The values of the parameters determining the lipophilicity and biological activity of the compounds in question are presented in Table 5.

Table 5.

The values of parameters of lipophilicity: the experimental one (log k). and calculated (clog P), and biological activity, expressed as the LD50 and the logarithm of inverse of LD50 (log (1/LD50)) value of antiproliferative activity for A431 cells.

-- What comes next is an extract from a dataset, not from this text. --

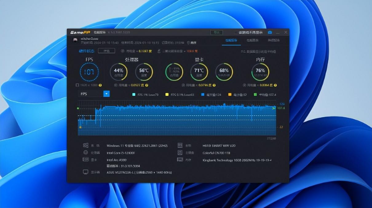 最后是标准3A游戏,案例选择巫师3(DX12版本),画质选择2K分辨率+全高+开启XeSS,测试结果如下图所示: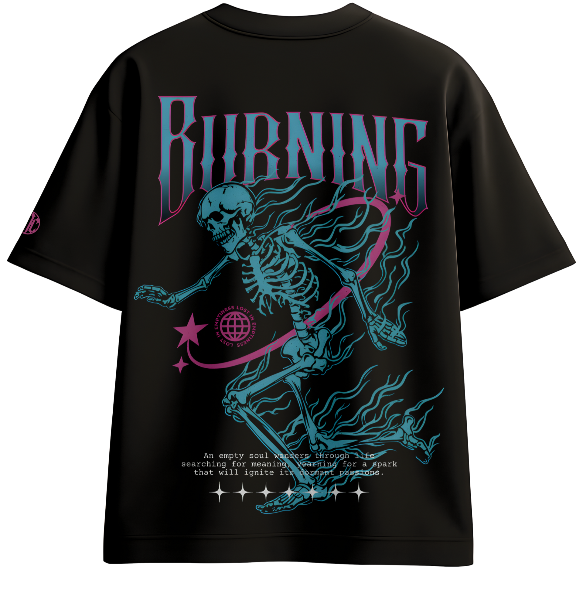 This isn’t just a t-shirt — it’s a wildfire stitched in fabric. Crafted from premium 200 GSM cotton, this soft yet enduring tee captures the spirit of a skeleton running through fire, a soul that refuses to die even as it burns. Every thread carries the weight of persistence, every wash a spark of rebellion against silence and ash. Built for the restless, the relentless, and those who know that even in flames, the soul runs free.

Compound log k clog P LD50 (μg/mL) log (1/LD50)
1F −0.115 1.211 190 −2.279
2F 0.098 1.547 170 −2.230
3F 0.401 2.470 138 −2.140
4F 0.607 2.975 150 −2.177
5F 0.827 3.477 139 −2.143
6F 1.275 4.015 82 −1.914
1T 0.169 1.901 93 −1.968
2T 0.177 1.741 91 −1.959
3T 0.335 2.097 85 −1.929
4T 0.398 2.227 87 −1.940
5T 0.682 2.947 55 −1.740
6T 1.001 3.480 50 −1.699

A preliminary comparison, of the structural parameters calculated using the 6–31G (d, p) and 6–31G (3d, 3p) methods reveals that some differences in the values calculated for isolated molecules (in vacuuo) and molecules in an aqueous medium (PCM model) are only observed for the electron charge on the atoms (the largest positive charge MAX_POS, the largest negative charge MAX_NEG, and the difference between the charges ΔQ) standing at about 30%, and for IPOL (isotropic polarisability) ranging between 15–20%. Minor differences (within 5%) occur for the values of the total dipole moment. This comparison was only an approximate estimation of the values obtained directly from Gaussian software. In order to evaluate the usefulness of the calculations using 6–31G (d, p) and 6–31G (3d, 3p) it was necessary to conduct a multiregression analysis.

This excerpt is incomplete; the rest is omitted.